You change column types because a column's data type can no longer hold the amount of information, for example, when an ID column exceeds the size of an INT data type and has to change to a BIGINT data type.

Changing a column's data type has these limitations:

  • Only certain data types can be converted to other data types. See the table in this section for data types that can change.

  • For data in Parquet and ORC, you cannot change a column's data type if the table is not partitioned.

    For partitioned tables in Parquet and ORC, a partition's column type can be different from another partition's column type, and Athena will CAST to the desired type, if possible. For information, see Avoiding Schema Mismatch Errors for Tables with Partitions.

Important

We strongly suggest that you test and verify your queries before performing data type translations.
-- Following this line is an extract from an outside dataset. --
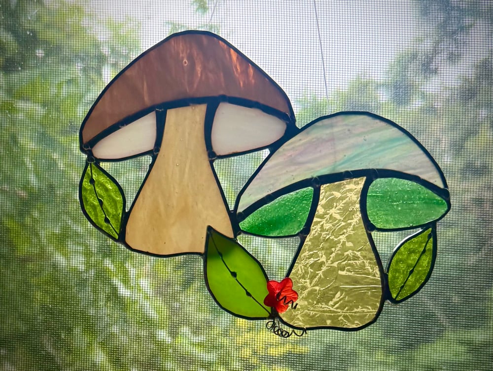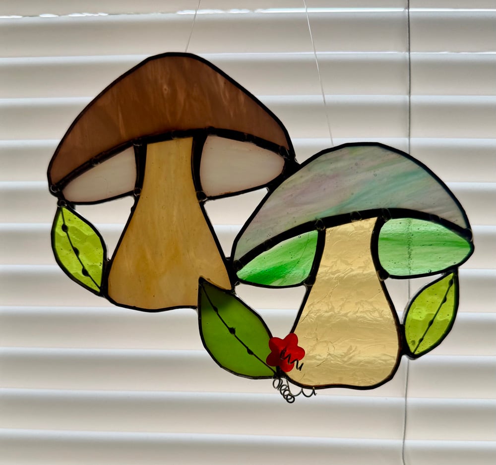 This stained glass piece captures the charm of the forest floor, featuring two whimsical mushrooms accented with leaves and a tiny red flower. The earthy browns and soft greens bring a sense of woodland peace, while the playful shapes make it a delightful accent for any space.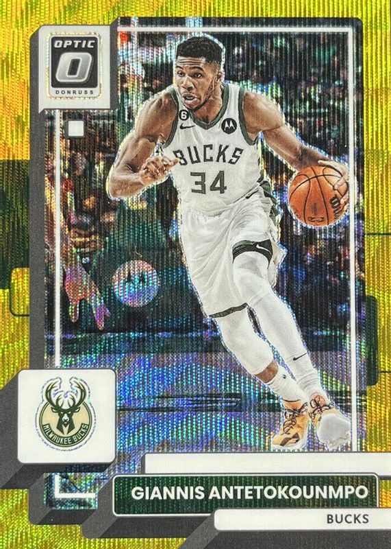 The Giannis Antetokounmpo 2022 Optic #75 Gold Wave /10 card in Raw condition has not changed in price in the last 30 days and was last sold for $96.00 .

If Athena cannot convert the data type from the original data type to the target data type, the CREATE TABLE query may fail.

The following table lists data types that you can change:

Compatible Data Types

Original Data Type Available Target Data Types
STRING BYTE, TINYINT, SMALLINT, INT, BIGINT
BYTE TINYINT, SMALLINT, INT, BIGINT
TINYINT SMALLINT, INT, BIGINT
SMALLINT INT, BIGINT
INT BIGINT
FLOAT DOUBLE

In the following example of the orders_json table, change the data type for the column `o_shippriority` to BIGINT:

CREATE EXTERNAL TABLE orders_json ( `o_orderkey` int, `o_custkey` int, `o_orderstatus` string, `o_totalprice` double, `o_orderdate` string, `o_orderpriority` string, `o_clerk` string, `o_shippriority` BIGINT ) ROW FORMAT SERDE 'org.openx.data.jsonserde.JsonSerDe' LOCATION 's3://schema_updates/orders_json';

The following query runs successfully, similar to the original SELECT query, before the data type change:

Select * from orders_json LIMIT 10;